### Input data
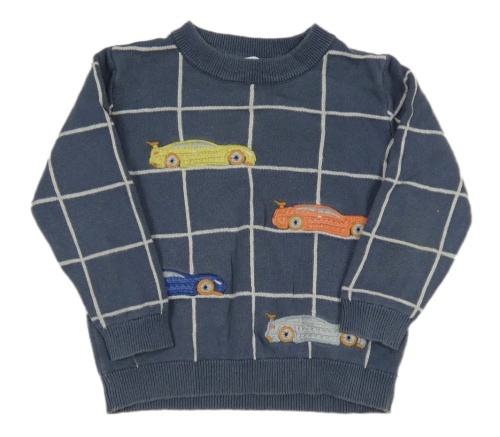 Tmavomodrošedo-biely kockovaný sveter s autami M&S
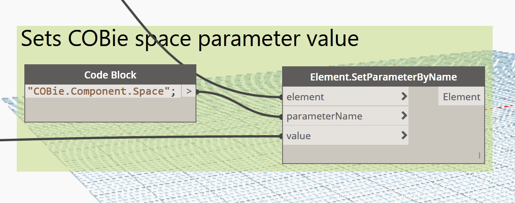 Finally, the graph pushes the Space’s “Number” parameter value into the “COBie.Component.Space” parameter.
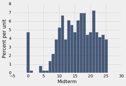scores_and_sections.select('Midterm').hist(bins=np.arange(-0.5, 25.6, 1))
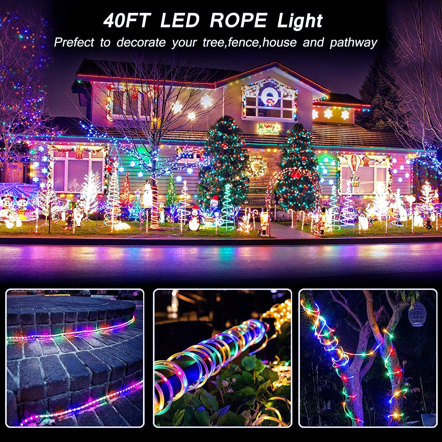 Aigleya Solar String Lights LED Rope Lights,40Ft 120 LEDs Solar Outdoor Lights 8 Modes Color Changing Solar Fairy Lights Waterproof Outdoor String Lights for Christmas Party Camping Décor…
######
## Description of the task
Transcribe, without alteration, each line from the one with "Finally, the graph" through the last line of the data; no pictures belong in the copy.

## Task response
 Finally, the graph pushes the Space’s “Number” parameter value into the “COBie.Component.Space” parameter.
scores_and_sections.select('Midterm').hist(bins=np.arange(-0.5, 25.6, 1))
 Aigleya Solar String Lights LED Rope Lights,40Ft 120 LEDs Solar Outdoor Lights 8 Modes Color Changing Solar Fairy Lights Waterproof Outdoor String Lights for Christmas Party Camping Décor…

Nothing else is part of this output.